Though Delvey was undoubtedly exaggerated in Inventing Anna, there Netflix captured aspects of her character: she often got into trouble with the guards for altering her prison jumpsuit. “The uniforms are so awful. Like they’re very badly tailored. I think men and women get the same uniforms,” she says. She giggled as she recalled taking her sewing kit and going to town on the outfit, modifying it into a “figure-hugging bodycon.” She was proud of her creations and took Polaroid pictures of them. When she was caught by the guards, they made her unravel it with her fingers, stitch by stitch. Anna sounds like she still resents her punishment, telling me, “They made it so dramatic, accusing me of tampering with state property.”
As entrepreneurial as ever, Anna tells me that she also has a few other ventures in the works beyond Delvey’s Dinner Club. “I’m working on my own podcast. What else? I’m writing a book. Kind of like a diary.” When I ask her what the book will be called, she tells me that was the easiest part. “Anna Delvey diaries, something like that.”

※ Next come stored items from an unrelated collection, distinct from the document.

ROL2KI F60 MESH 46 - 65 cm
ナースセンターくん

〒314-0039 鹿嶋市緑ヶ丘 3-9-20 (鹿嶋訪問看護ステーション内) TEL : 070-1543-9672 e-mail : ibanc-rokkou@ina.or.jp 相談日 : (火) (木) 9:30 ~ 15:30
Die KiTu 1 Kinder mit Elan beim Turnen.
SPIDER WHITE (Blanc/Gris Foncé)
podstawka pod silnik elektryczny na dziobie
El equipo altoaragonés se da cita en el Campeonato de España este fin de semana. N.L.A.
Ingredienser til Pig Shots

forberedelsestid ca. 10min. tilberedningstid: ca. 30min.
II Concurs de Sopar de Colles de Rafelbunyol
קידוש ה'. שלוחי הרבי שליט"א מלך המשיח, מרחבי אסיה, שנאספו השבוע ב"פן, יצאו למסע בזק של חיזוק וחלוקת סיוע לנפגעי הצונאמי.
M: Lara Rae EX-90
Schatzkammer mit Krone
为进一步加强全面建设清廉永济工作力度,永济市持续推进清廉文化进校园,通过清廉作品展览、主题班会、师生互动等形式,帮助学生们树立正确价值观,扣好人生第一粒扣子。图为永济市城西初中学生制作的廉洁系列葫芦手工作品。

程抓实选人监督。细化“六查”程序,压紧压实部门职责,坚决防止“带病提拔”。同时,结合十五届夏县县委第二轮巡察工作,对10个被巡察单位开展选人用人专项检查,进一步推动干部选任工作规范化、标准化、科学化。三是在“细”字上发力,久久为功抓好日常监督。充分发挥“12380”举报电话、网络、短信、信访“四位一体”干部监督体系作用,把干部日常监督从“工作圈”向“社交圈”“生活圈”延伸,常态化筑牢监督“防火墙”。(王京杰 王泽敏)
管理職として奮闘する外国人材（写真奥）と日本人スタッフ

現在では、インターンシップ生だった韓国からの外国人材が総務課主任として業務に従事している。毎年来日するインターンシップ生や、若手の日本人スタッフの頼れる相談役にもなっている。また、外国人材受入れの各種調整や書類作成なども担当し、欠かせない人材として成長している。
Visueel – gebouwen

She then sends me some pieces she’s already published. “I actually wrote three or four pieces just for fun and I published them online. I ended up having to take it down because they used all my words against me.” I wonder what she possibly could have written to cause such a fuss, and then I came across her letter to disgraced sex-offender Harvey Weinstein: “Being criminal and famous like we are isn’t all fun and strangers sending you pounds of caviar.” That’ll do it.
“Delvey” is now synonymous with “fraud.” But she doesn’t take well to being compared to grifters like Sam Bankman-Fried or George Santos, neither of whom she’s likely to invite to dinner. “There is some misogyny in all this,” she tells me. “Sam is allowed to rest at his parents’ home and he’s allowed to go to visit his lawyers and to therapy sessions, and he’s facing life in prison.” As for Santos, Anna says she’s heard of “people like on Twitter going crazy about him.” She tells me, “I’m not trying to be like anybody else, I don’t want to be compared to anybody. But I guess that’s out of the window.”
Whether you believe Anna Delvey is a cold-blooded criminal or a relatable anti-capitalist-capitalist, there is something astonishing about her. All she ever wanted was her name in lights — and now she has exactly that.